=== Data ===

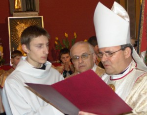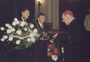 Ks. biskup Józef Gucwa odbiera tytuł Honorowego Obywatela Miasta Nowego Sącza w styczniu 1999 roku z rąk ówczesnego prezydenta Andrzeja Czerwińskiego i przewodniczącego Rady Miasta Jerzego Wituszyńskiego.
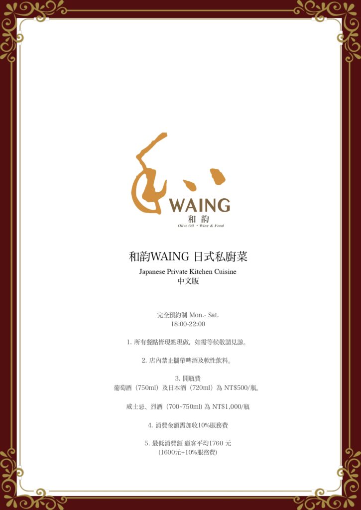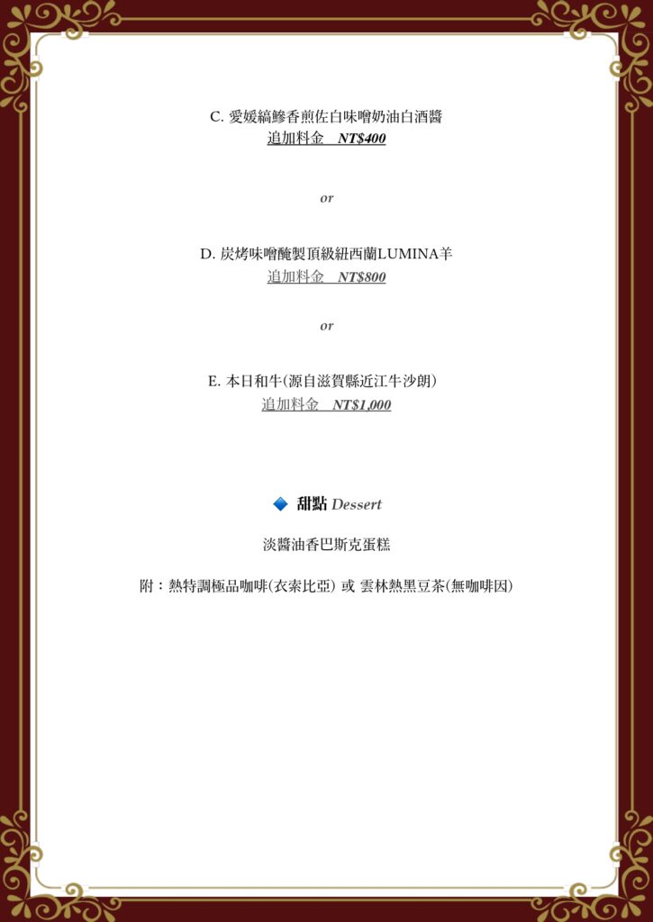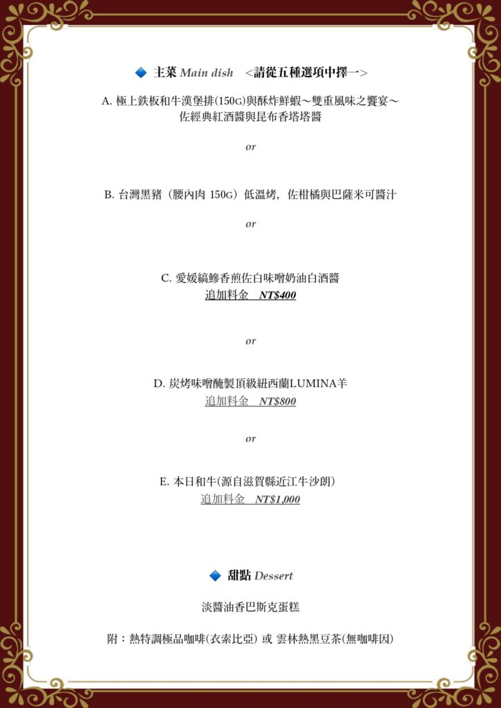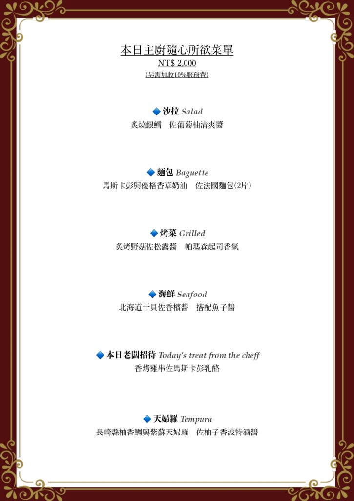 コース料理は、NT$1,600またはNT$2,000に10%のサービス料が別途加算されます。
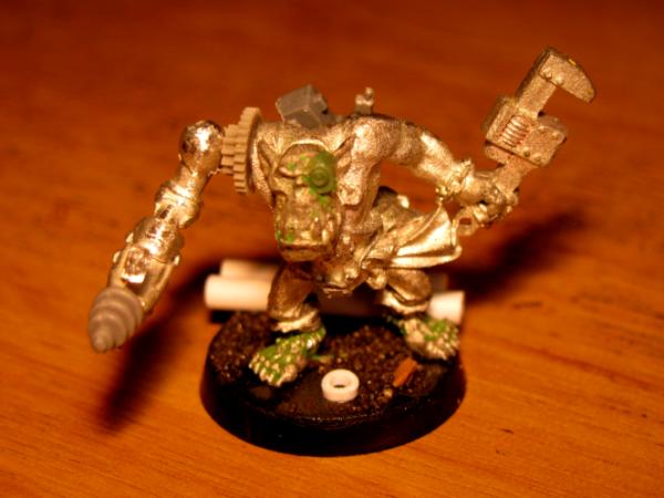 Out of the two tekkies vying for the chance to go spread the word of GorkaMekka to their brothers in Da Mental Leejun the wheeled contender sadly lost his place due to his basic inability to wear a looted beaky-mek's shoulder pad. However just as he was being returnrd to da surjary for re-fitting the dok's produced another contender, plus whispered murmurings of another...
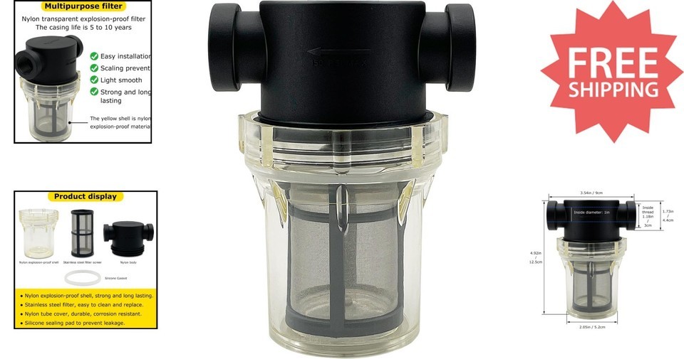 Upgrade your filtration system with our durable 100 mesh stainless steel filter screens, designed for efficient mass flow. Features include a simple twist-off bowl for easy cleaning, a transparent nylon top with a clear bowl to monitor your filter status, and multiple inlet options ? water float valves for up-inlet and side-inlet configurations. The compact dimensions of 3.54" L x 4.72" W x 2.05" H make it suitable for various setups. The in-line female NPT strainer ensures optimal performance. Whether you need multiple units or single, our product offers reliable function combined with user-friendly design. To ensure fast and reliable delivery, we work with multiple fulfillment partners and suppliers. Depending on availability and location, your order may ship from different warehouses or arrive in packaging that varies from item to item. Tracking details are typically provided shortly after shipment, and customer satisfaction remains our top priority. Please note that due to carrier policies and regional regulations, certain items may not be eligible for delivery to specific states or territories.

===

_Exercise brief:_ Give exactly the lines above that run from the line with "コース料理は、NT$1,60" to the line with "Out of the two", both included, leaving every picture out.

_Solution:_
 コース料理は、NT$1,600またはNT$2,000に10%のサービス料が別途加算されます。
 Out of the two tekkies vying for the chance to go spread the word of GorkaMekka to their brothers in Da Mental Leejun the wheeled contender sadly lost his place due to his basic inability to wear a looted beaky-mek's shoulder pad. However just as he was being returnrd to da surjary for re-fitting the dok's produced another contender, plus whispered murmurings of another...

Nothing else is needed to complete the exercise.